One of the main drivers of aquatic communities is climate (^{Hynes, 1970}). Many tropical areas are from moderately to highly seasonal with respect to rainfall. Rainfall seasonality occurs both in short term cycles, with strong events within the year and in long-termsones, such as “El Niño Southern Oscillation” (ENSO) phenomena. Macroinvertebrate assemblages have adapted to such variations through natural history. Some studies have shown that aquatic insects exhibit seasonal fluctuations even in non-seasonal tropical areas (^{Wolda & Flowers, 1985}). These patterns are increasingly affected by the alteration of natural flow regimes resulting from dams and hydropower production. Several studies show the effects of hydropower production on Neotropical rivers (^{Pringle et al., 2000}), highlighting the importance of using multiple measures of macroinvertebrate assemblage structure for assessing this type of environmental impact (^{Chaves-Ulloa et al., 2014}).

On the other hand, land use changes in mountain areas, such as clearing of native vegetation, lead to changes in magnitude, frequency, duration, and seasonality of flows, as well as increased sediment input to streams, which in turn change aquatic and riparian habitats (^{Wohl, 2006}; ^{Mancilla et al., 2009}). Cattle areas, especially dairy-intensive farms, produce forceful impacts on mountain tropical streams, with higher dissolved solids, lower dissolved oxygen and, thus, pollution-tolerant aquatic communities (^{Giraldo et al., 2014}). Understanding changes in tropical streams in response to land use impacts is a priority for tropical ecosystems conservation and management (^{Boyero et al., 2009}).

However, there are few data regarding the composition and structure of aquatic communities in tropical volcanic highlands. In this study, a two-year sampling effort led to the characterization of aquatic macroinvertebrate assemblages in the Birrís River Basin (Costa Rica), located at the southern slope of the Irazú Volcano. The hypothesis that volcanic headwater communities are highly vulnerable to human impacts was tested, as volcanic ash generates highly permeable soils and, thus, low baseflow stream discharge in these areas.

The main hypothesis is that volcanic headwater communities are highly vulnerable to human impacts, so remaining taxa are resilient to them. Thus, objectives of this research are: (1) test the ecological responses of macroinvertebrates assemblages under human pressure in highland tropical headwaters; (2) evaluate the resilient responses of macroinvertebrate assemblages to degradation and rehabilitation gradients in these environments; and (3) analyze the recovery potential of these ecosystems.

Material and methods

Study area. The Birrís River Basin is located in the highlands and southern slopes of the Irazú Volcano, 3400 m.a.s.l., an active volcanic cone located in the Central Volcanic Range of Costa Rica (Fig. 1). The basin was selected as it is representative of the high-priority water producing mountain headwaters in the tropics. This study is focused on the two main streams, the Birrís River, with a gradient of 2139 m over its 15.4 km distance, and its tributary Pacayas Creek (or Quebrada Pacayas) with a gradient of 1750 m along a distance of 11.2 km. Such high gradients are the origin of high slope values in fluvial reaches ranging from 7.7% to 11.1%. Annual rainfall averages 2300 mm caused by cold polar fronts (October to January) and convective storms (May to October) with a relatively dry season from January to May. During wet season flash-floods occur, due to the combination of steep slopes and heavy rainfall.

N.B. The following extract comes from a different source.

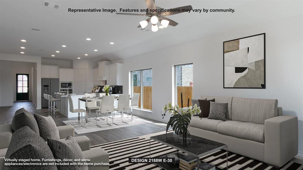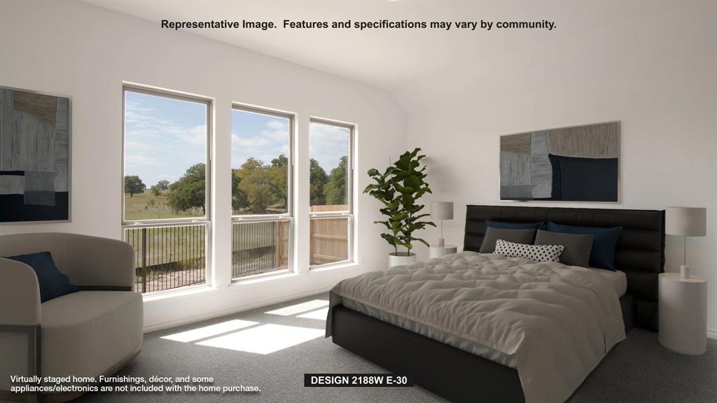 Extended entry with 12-foot ceiling leads to open kitchen, dining area and family room with 10-foot ceilings throughout. Kitchen features corner walk-in pantry, 5-burner gas cooktop and generous island with built-in seating space. Family room features a wood mantel fireplace and wall of windows. Primary suite with 10-foot ceiling and wall of windows. Dual vanities, garden tub, separate glass-enclosed shower and large walk-in closet in primary bath. A Hollywood bathroom connects to bedrooms three and four. All bedrooms feature walk-in closets. Covered backyard patio. Mud room off two-car garage.

Figure 1 Spatial location of the studied area and sampling stations in the River Birrís Basin (Costa Rica). 

Nine sampling sites were located in this basin to assess the responses of aquatic communities to increasing human pressure balanced with higher self-purification capacity. Two stations were located in the less impaired Birrís River and Quebrada Pacayas headwaters (B1 and P1). The rest (B1’, B2, B3, B4, P2, P3, P4) were located in an increasing pressure design (Fig. 1, Table 1). Sampling campaigns started in February 2002 (1^st dry season) and were repeated bimonthly until October 2003 (2^nd wet season), with a total of 11 campaigns. Upper reaches (B1, P1) have fine silty and sandy substrates, because of the constant input of volcanic ash from previous eruptions (1963-1965). Forest cover and riparian forest corridor decrease downstream in both the Pacayas and Birrís streams (Table 1). Fieldwork evidence indicated that the main sources of contaminants in the Birrís River Basin were the intense agricultural and cattle-raising activity as well as the discharge of human sewage. The substrate was characterized in the field following the methodology proposed by Wolman (1954), consisting of 100 random surveys in the channel.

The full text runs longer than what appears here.